Welcome! Previously in our Economics class, we looked at the introductory aspect of this lesson which we titled ” Financial Institutions“. And now, we want to look at one of these financial institutions known as Commercial Banks.

Lesson Note

Subject: Economics

Topic: Financial Institutions

Subtopic: Commercial Banks

Learning Objectives: By the end of the lesson, the learners should be able to:

  1. Define the term commercial banks
  2. State the characteristics of commercial banks;
  3. State the functions of commercial banks;
  4. Mention the credit facilities provided by commercial banks;
  5. Identify the factors that could limit commercial banks from creating credit facilities.


Commercial bank is a kind of bank that specialises in rendering services such as accepting deposits and other valuables, creating business loans and other investment products for the sole aim of making profit. Commercial banks can be own by public or private sector.

Characteristics Of Commercial Banks

i. Commercial bank is a limited liability company.
ii. The motive of its establishment is profit making.
iii. They are members of the money market.
iv. Commercial banks are incorporated.
v. They accept deposits and other valuables.
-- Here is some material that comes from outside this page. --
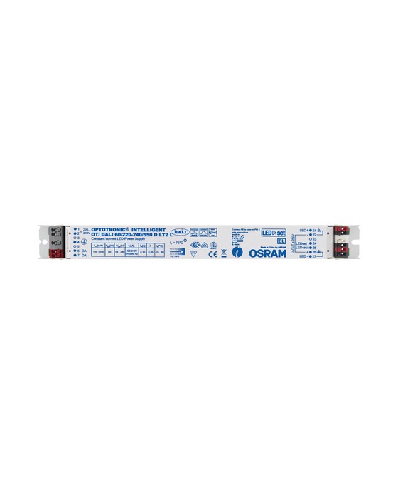 Elektrische Daten Nennleistung 60,00 W Nennausgangsleistung 6.4…60 W Nennspannung 220…240 V Nennausgangsspannung 54…240 V 1) Eingangsspannung AC 198…264 V 2) Eingangsspannung DC 176…276 V U-OUT (Arbeitsspannung) < 250 V Nennstrom 0,55 A Nennausgangsstrom 120…550 mA 3) Einschaltstrom 25 A 4) Ausgangsstromtoleranz ±3 % 5) Ausgangs-Rippelstrom (100 Hz) < 1 % Netzfrequenz 0/50/60 Hz Oberschwingungsgehalt < 10 % Netzleistungsfaktor λ > 0,95 6) EVG-Effizienz ≤93 % 7) Geräteverlustleistung 5 W 8) Max. Anz. EVG an Sicherungsaut. 10 A (B) 15 Max. Anz. EVG an Sicherungsaut. 16 A (B) 24 Max. Anz. EVG an Sicherungsaut. 25 A (B) 37 Stoßspannungsfestigkeit (L/N – Erde) 2 kV Stoßspannungsfestigkeit (L – N) 1 kV Galvanische Trennung Nicht isoliert Verlustleistung im Stand-By-Betrieb < 0.25 W Flimmer-Messgröße (Pst LM) ≤1 1) Maximal 250 V 2) Zulässiger Spannungsbereich 3) ±5% 4) Bei 280 µs 5) Bei Verwendung von DALI 6) Volllast bei 230 V 7) Bei Volllast und 230 V 8) Maximum Photometrische Daten Flimmer-Messgröße (Pst LM) ≤1 Messgröße für Stro-boskop-Effekte (SVM) ≤0.4 Maße & Gewicht Länge 280,00 mm Lochmaßabstand Länge 270,0 mm Breite 30.00 mm Höhe 21.00 mm Leitungsquerschnitt eingangsseitig 0.5…1.5 mm² 1) Leitungsquerschnitt ausgangsseitig 0.5…1.5 mm² 1) Abisolierlänge eingangsseitig 8.5…9.5 mm Abisolierlänge ausgangsseitig 8.5…9.5 mm Produktgewicht 205,00 g 1) Massive oder flexible Adern Farben & Materialien Produktfarbe Weiß Gehäuse Metall Gehäusematerial Metall Temperaturen & Betriebsbedingungen Umgebungstemperaturbereich -25…+60 °C Maximale Temperatur am Messpunkt tc 75 °C Max. Gehäusetemperatur im Fehlerfall 110 °C Zulässige rel. Luftfeuchte beim Betrieb 5…85 % 1) 1) max. 56 d/y bei 85% Lebensdauer EVG Lebensdauer 50000 h, 100000 h 1) 1) Bei maximum Tc = 75°C / 10% Ausfallrate / Bei Tc = 65 °C / 10 % Ausfallrate Zusätzliche Produktdaten Gekapselt Nein Einsatzmöglichkeiten Dimmbar Ja DIM-Schnittstelle DALI-2, Touch DIM, Touch DIM Sensor Dimmbereich 1…100 % 1) Übertemperaturschutz Automatisch reversibel Überlastschutz Automatisch reversibel Kurzschlussschutz Automatisch reversibel Leerlauffestigkeit Ja Maximale Leitungslänge EVG/Lampe REM 2,0 m Geeignet für Leuchten mit Schutzklasse I Geeignet für Notlicht Ja Anschlussart ausgangsseitig Federkraftklemme 1) Für maximalen Nennausgangsstrom Zertifikate & Standards Prüfzeichen - Zulassung CE, EL, ENEC 10, VDE-EMC, CCC, RCM Normen Gemäß EN 61347-1, Gemäß EN 61347-2-13, Gemäß EN 55015, Gemäß EN 61547, Gemäß EN 61000-3-2, Gemäß EN 62384, Gemäß EN 62386 Schutzklasse I Schutzart IP20

Functions of Commercial Banks

1. Acceptance if deposit: Commercial banks accept deposits from the public for safe keeping. This is the oldest function of commercial banks, which helps in taking care of people’s money. Money can be kept in current, fixed and savings account.
2. Lending of money: This is perhaps the most profitable function of commercial banks. Deposits from different customers are pooled together and given out as loans and overdrafts with interest to people and firms for profitable investment.
3. Agent of payment: Commercial banks can act as an agent of payment on behalf of their customers. They encourage and permit customers to have current accounts in which they can withdraw by cheque without notice. Money can also be transferred from one account to another, e.g, credit transfer.
4. Safe keeping of valuables: One of the functions of commercial banks is to keep customers’ valuables such as jewellery, certificates, will, etc.
5. Discounting of bills: Creditors can be paid by the bank immediately by discounting bill of exchange for their customers. This enables the creditors to be paid instantly, and the debtor is allowed a period of credit.
6. Issuance of bank statement: At regular intervals, the banks will prepare and send bank statements to their customers to show their transactions with them.
7. Foreign exchange transaction: Commercial banks make foreign currency available to their customers. They particulate im foreign exchange market and help in solving any problem relating to foreign exchange.
Roles of Commercial Banks I international trade
i. Provision of documentary credits: Commercial banks provide commercial credit facilities to exporters, which help them in payment for goods.
ii. Minimising of default in payment: Commercial banks guarantee payments for goods bought in order to ensure that default in payment is reduced. They help in confirming letters of credit.
iii. Discounting of documentary credit: Commercial banks can provide credit to facilitate foreign trade by discounting documentary credit. This will ensure that sellers are paid at once.
iv. Act as referees to customers: Commercial Banks act as referees to exporters by providing information to foreign businessmen about their credit worthiness.
v. Foreign exchange transaction: They help to arrange for the purchase and sales of foreign currencies, which are used to finance export and import trade.
vi. Issuance of travellers cheque: Commercial banks facilitate international trade by issuing travellers cheque to businessmen travelling abroad.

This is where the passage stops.